The Beauty of the End

Naked Questions/16 - After all, what matters in life is its end, not business

by Luigino Bruni

published in Avvenire on 21/02/2016

Logo Qohelet rid mod"Besides being wise, the Preacher also taught the people knowledge, weighing and studying and arranging many proverbs with great care. (...) The words of the wise are like goads, and like nails firmly fixed are the collected sayings; (…) The end of the matter; all has been heard."

Ecclesiastes 12,9-13

It's difficult to read great books. It would take meekness of mind, freedom of spirit, purity of heart, and above all poverty: not to have anything and not to defend anything. Some books and the great works of art come to us in our graves, and repeat to us 'come out'. But we do not manage to get out if we are not naked and poor in as we encounter the author who speaks to us and calls us, if we do not get rid of the shroud, leaving it 'wrapped up in a separate place'.

This emptying process is even more difficult when it comes to a biblical text. We approach it carrying the loads of many ideologies about religion developed over millennia, rich in our ideas of ​​how God, our faith and that of others should be. And so these great texts do not sing, they fade away without touching us. They do not injure us, and they do not bless us.
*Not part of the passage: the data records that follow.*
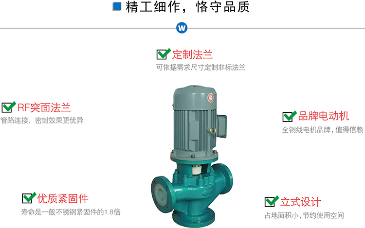 氟塑料管道泵又稱其為塑料管道泵、襯氟管道泵、四氟管道泵、耐腐蝕管道泵、襯塑管道泵、立式離心泵、立式管道泵,氟塑料管道泵是單吸單級離心泵的一種,因其進出口在同一直線上,且進出口口徑相同,仿似一段管道,可安裝在管道的任何位置故取名為管道泵(又名增壓泵)。氟塑料離心泵另有:IHF-D短支架型、IHF-L長支架型FSB-D短支架型、FSB-L氟塑料離心泵。
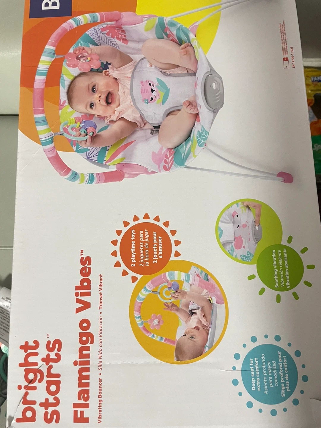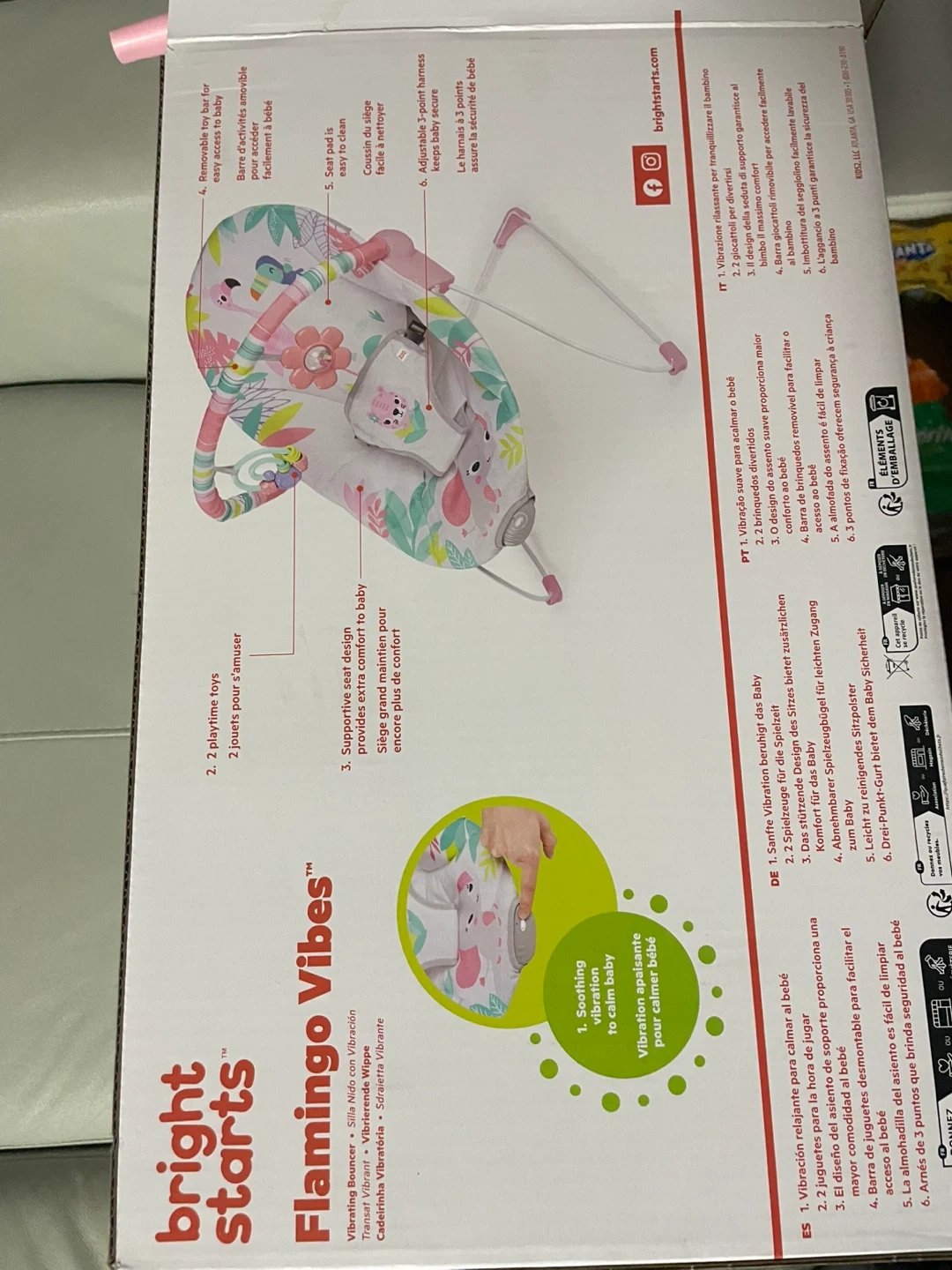 This Bright Starts Flamingo Vibes vibrating bouncer is perfect for soothing your little one! It features: - A removable toy bar with adjustable toys - A seat pad that's easy to clean - A supportive seat design for extra comfort - Soothing vibrations to calm baby It also comes with 2 playtime toys to amuse your baby
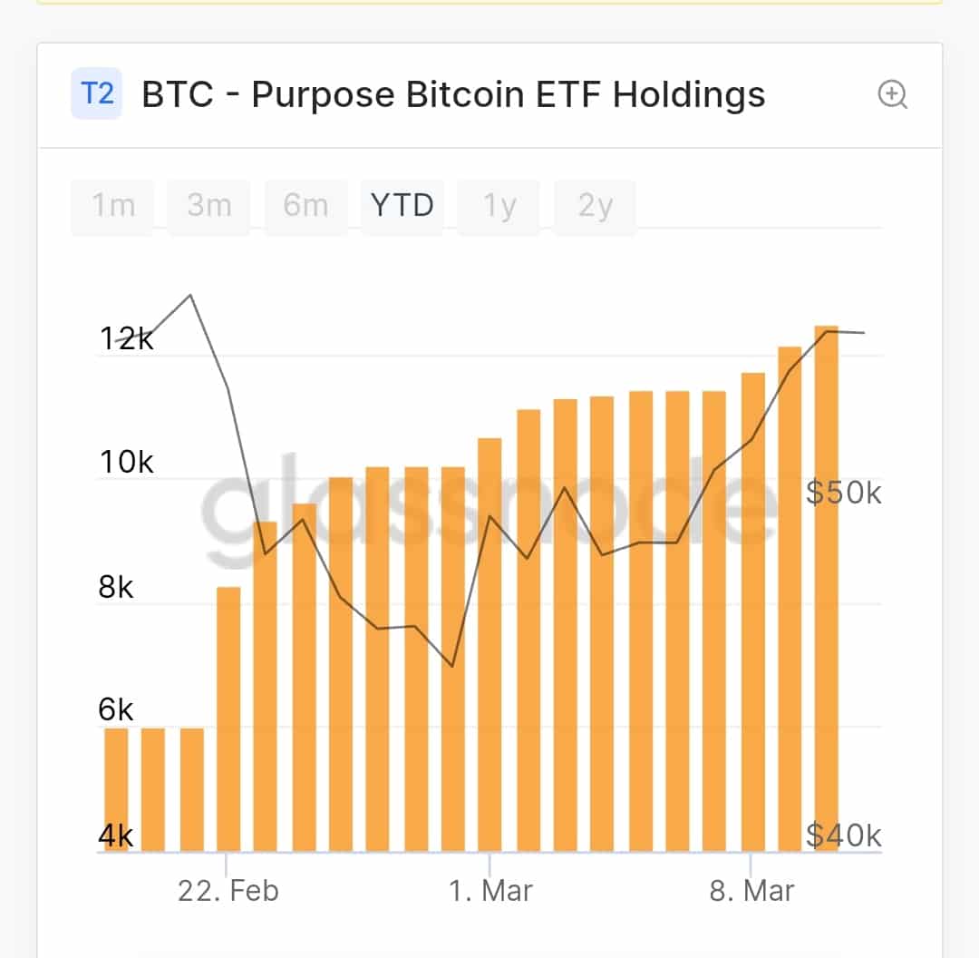 Purpose Bitcoin ETF launched amid growing demand for the top cryptocurrency-backed ETF in the US. The launch was considered a success after it traded over $80 million worth of Bitcoin contracts in the first hour of its launch. The Bitcoin holdings have seen a consistent rise since its launch, reaching the $500 million assets under management towards the end of February.
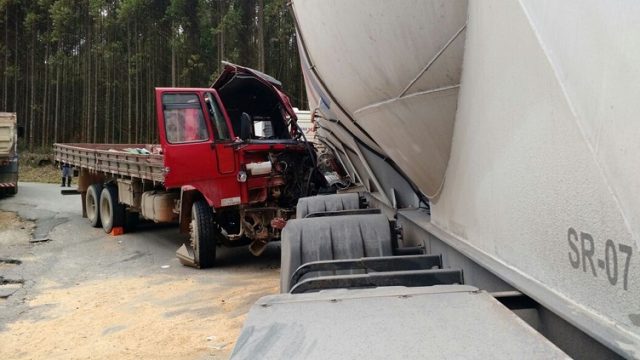 Batida entre dois caminhões causa congestionamento na Rodovia Eduardo Saigh
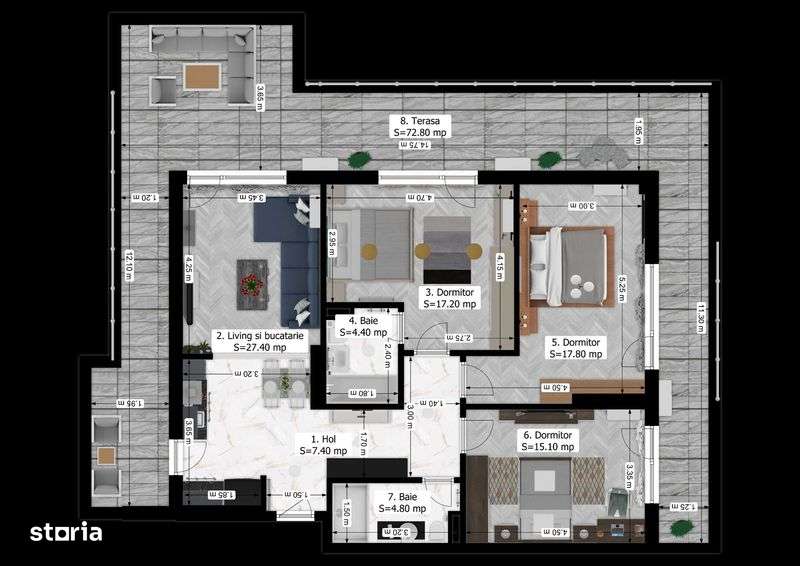 Ap 3 Cam + TERASA PENTHOUSE Incalzire in Pardoseala Ansamblu Nou Rahov

Qoheleth has blessed us in these four months we passed in his company week after week, but only if we have allowed him to enter up to the marrow of our soul. If we welcomed him to our house, talked and ate with him. And as we are approaching the end of our listening to his song, we find ourselves inundated by the only good consolation possible under the sun: reality in its nakedness, with its great sorrows and its potential and real joys.
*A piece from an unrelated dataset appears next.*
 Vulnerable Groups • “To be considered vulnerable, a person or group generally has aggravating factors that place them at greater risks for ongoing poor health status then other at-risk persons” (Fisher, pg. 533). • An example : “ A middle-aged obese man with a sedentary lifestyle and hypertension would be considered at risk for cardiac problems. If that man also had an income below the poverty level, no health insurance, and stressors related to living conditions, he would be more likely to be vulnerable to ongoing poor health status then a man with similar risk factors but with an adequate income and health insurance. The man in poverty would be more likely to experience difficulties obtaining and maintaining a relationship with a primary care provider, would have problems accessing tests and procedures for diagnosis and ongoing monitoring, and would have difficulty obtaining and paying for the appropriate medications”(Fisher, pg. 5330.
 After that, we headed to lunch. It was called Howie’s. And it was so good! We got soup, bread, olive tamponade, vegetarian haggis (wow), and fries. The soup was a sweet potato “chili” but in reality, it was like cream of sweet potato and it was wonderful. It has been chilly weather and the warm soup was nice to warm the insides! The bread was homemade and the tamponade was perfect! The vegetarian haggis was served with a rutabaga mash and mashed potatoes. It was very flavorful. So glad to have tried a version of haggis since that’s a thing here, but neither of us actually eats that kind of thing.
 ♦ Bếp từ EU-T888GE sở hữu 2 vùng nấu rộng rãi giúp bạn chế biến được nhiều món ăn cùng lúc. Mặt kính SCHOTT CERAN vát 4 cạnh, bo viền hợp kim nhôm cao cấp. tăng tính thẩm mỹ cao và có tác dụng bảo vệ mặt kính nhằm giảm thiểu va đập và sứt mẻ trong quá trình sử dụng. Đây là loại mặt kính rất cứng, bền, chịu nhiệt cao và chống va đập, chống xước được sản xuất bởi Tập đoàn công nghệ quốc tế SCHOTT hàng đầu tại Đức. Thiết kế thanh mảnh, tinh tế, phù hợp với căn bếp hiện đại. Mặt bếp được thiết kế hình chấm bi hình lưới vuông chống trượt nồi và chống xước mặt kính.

Now, in taking leave of us, he gives us one last anti-comforting fresco on old age: “Remember also your Creator in the days of your youth (...) before the sun and the light and the moon and the stars are darkened and the clouds return after the rain, in the day when the keepers of the house tremble, and the strong men are bent, and the grinders cease because they are few, and those who look through the windows are dimmed, and the doors on the street are shut— when the sound of the grinding is low, and one rises up at the sound of a bird, and all the daughters of song are brought low— they are afraid also of what is high, and terrors are in the way (...) the grasshopper drags itself along (...) the pitcher is shattered at the fountain". And then he concludes with his most cherished words that he taught us to understand and love: “Vanity of vanities, says the Preacher; all is vanity.” (Ecclesiastes 12,1-8). When you're still young, with many teeth (the 'keepers of the house', the 'grinders'), all bright and strong, and your hearing makes you capable of catching the singing of the birds, when desire to scale heights safely is alive in you, when eros (the 'grasshopper') is still strong, and the end of the race is still far ('the amphora that will break'), discover and experience the true joy of the good time you are having: “Light is sweet, and it is pleasant for the eyes to see the sun. ... All that comes is vanity. Rejoice, O young man, in your youth, and let your heart cheer you in the days of your youth.” (11,7-9). Wisdom is to look at the whole of life from the perspective of its last days, and there is no dawn in our life that could be as beautiful as the one contemplated from the sunsets of others. Qoheleth does not sing lauds of old age: even here he is the one unmasking ideologies, those that talked too well about the elderly in his time, forgetting their costs and limits. He is anti-ideological and anti-comforting here, too. But he forces us to see old age and to place it at the centre of everyone's life. Especially today, when we have an extreme and vital need for this. The first step to build a new culture of old age and death is to start to see them, to look them in the eye; to get them out from the eclipse in which they entered and have been staying for decades. We shall learn to live and to grow again if we learn to die and to grow old again.

A culture of life loves old age, because it is its climax, not its negation. The culture of death casts and curses old age, and so it saddens even the brightest years. The degree of love for life of a civilization is revealed through its way of seeing and treating old age and death. A culture that's against life despises the old and claims to love children. A culture of life loves them both, because it can still see the beauty of the child when looking at the elderly, and does not make an idol out of the child (in Biblical humanism, the son is the anti-idol). If we despise old age an entire lifetime will steam up, and we do not read into today that has passed like just one day more but also like one day less. Cultures that love life use the tree as the metaphor for life, not the candle. The tree grows with the years, it flowers, it bears fruit and it usually dies at the height of its life returning as a gift to the earth that generated and nurtured it. The candle, however, melts by burning and even when it gives light the passing of time is its enemy. An old man can be seen as a big oak tree or as a wax stub that is dying. The Bible teaches us to look at the oak trees in our forest, as it loves life too much to present it to us like a graveyard populated by a lot of more or less consummated candles.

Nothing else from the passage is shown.